L'appel à la grève des huissiers a été largement suivi lundi, tant en province qu'à Paris, où plusieurs milliers de représentants de la profession se sont rassemblés pour protester contre un projet de réforme du gouvernement.
A Paris, toutes les audiences correctionnelles se sont tenues sans huissiers, amenant les greffiers à se substituer à eux. Le greffier garantit le respect et l'authenticité des procédures, l'huissier étant lui chargé d'assurer la police de l'audience, d'appeler dossiers et témoins. A Lyon, les huissiers ne devaient pas assurer les audiences correctionnelles de l'après-midi, a indiqué le président du tribunal de grande instance, Paul-André Breton.

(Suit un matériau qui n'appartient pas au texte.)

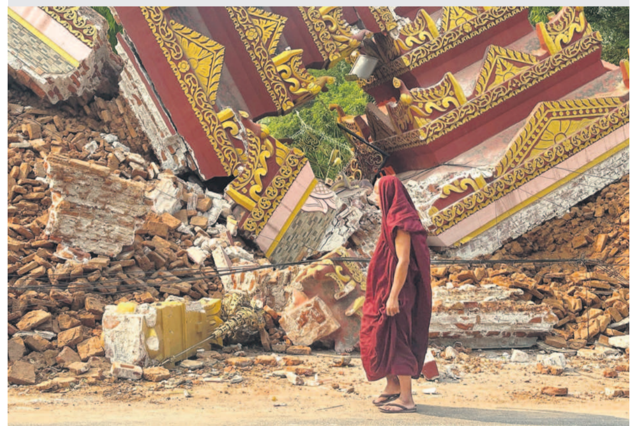
A Buddhist monk walks past a collapsed pagoda after the earthquake, in Mandalay, central Myanmar, on Sunday.
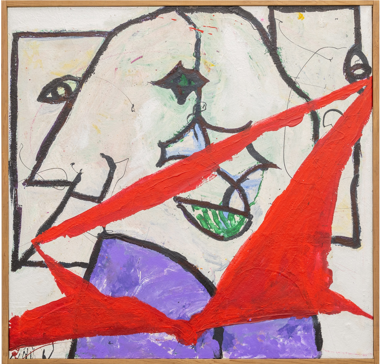
The Clock, 2022 Acrylic and oil on linen 38" x 40", 40.5" x 41.5" framed $16,000
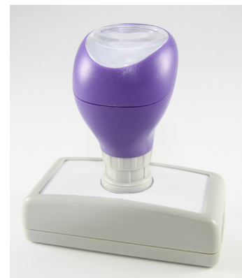
DF3267 - 28 x 63mm
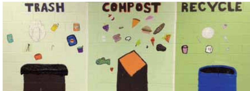
The Waste Management mural on the Cafetorium wall helps students to sort their leftover waste

Dans les deux villes, la grève des audiences devrait durer toute la semaine et les huissiers ont également suspendu les citations et significations de jugements, conformément à l'appel lancé par la Chambre nationale des huissiers de justice. A Douai, le parquet a délivré une réquisition, comme la loi l'y autorise, pour obtenir la présence d'huissiers lors du procès d'une série de braquages aux assises du Nord. "Vous pouvez compter sur moi pour ne pas brader notre métier, qui existe depuis 300 ans!", a dit Patrick Sannino, président de la Chambre nationale des huissiers de justice, devant une foule de plusieurs milliers de personnes, réunies devant le palais de justice de Paris.
"Notre objectif, (...) c'est le retrait de cette réforme", a renchéri Denis Calippe, président de la chambre départementale des huissiers de Paris, déclenchant une vive clameur. Le gouvernement pourrait s'appuyer sur les conclusions d'un rapport de l'Inspection générale des finances (IGF) pour réformer et libéraliser certaines professions réglementées, dont les huissiers. Ces professions d'accès limité et à tarifs réglementés présentent, selon le rapport, une rentabilité nettement supérieure à celle du reste de l'économie.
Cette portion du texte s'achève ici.